Personal information
- Full name: John Joseph Sheehan
- Born: 29 May 1890 South Melbourne, Victoria
- Died: 17 June 1933 (aged 43) Heidelberg, Victoria
- Original team: St Ignatius
- Height: 165 cm (5 ft 5 in)
- Weight: 73 kg (161 lb)

Playing career^{1}
- Years: Club / Games (Goals)
- 1911: Collingwood / 03 (0)
- 1912: Melbourne / 00 (0)
- 1915, 1917: Richmond / 14 (0)
- Total:  / 17 (0)
- ^{1} Playing statistics correct to the end of 1917.

= Jack Sheehan (footballer) =

Australian rules footballer

John Joseph Sheehan (29 May 1890 – 17 June 1933) was an Australian rules footballer who played with the Collingwood Football Club and Richmond Football Club in the Victorian Football League (VFL).

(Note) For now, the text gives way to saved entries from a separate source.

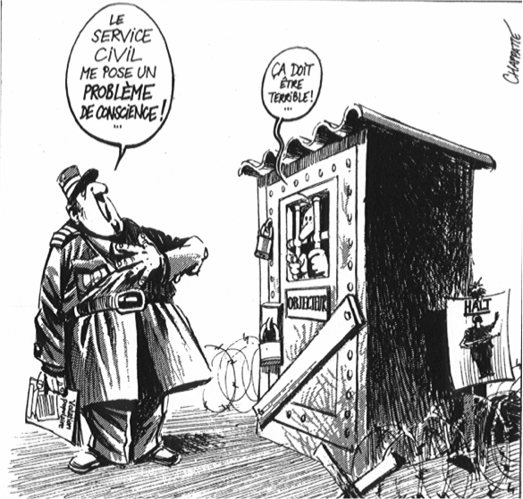 Nombreuses sont les personnes qui ont été emprisonnés durant des mois et/ou qui ont payé de lourdes amendes pour avoir refusé de servir l’armée suisse avant la mise en place d’un service civil en 1996. Le courage dont ils ont fait preuve pour faire valoir leurs convictions n’est pas étranger à cette évolution.
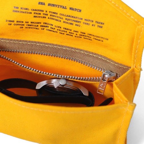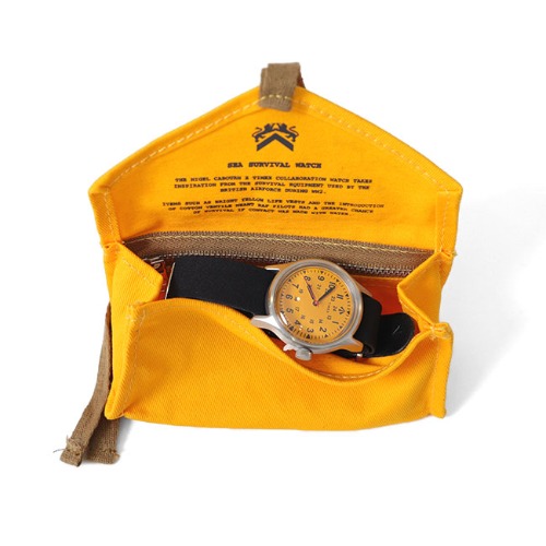 この時計のデザインは、第二次世界大戦中にイギリス空軍が使用していた、鮮やかなイエローのライフベストやRAF(王立空軍)が落水の際延命できるように開発された、コットンヴェンタイルからインスピレーションを受けています。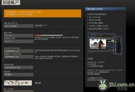 去注册一个steam的账号!这个应该瞎子都会的事! 注意邮箱需要写正确的!可能需要邮箱验证而且也是通过邮箱通知!

He was also listed with the Melbourne Football Club, but never played a game.

==Military service==
He enlisted in the First AIF on 12 July 1915. He did not serve overseas. He was discharged from the AIF on 6 November 1916, on medical grounds, subsequent to surgery for a rectal fistula.

==Football==
===New South Wales===
He was the coach of the New South Wales team at the sixth Australian National Football Carnival, held in Melbourne in August 1927.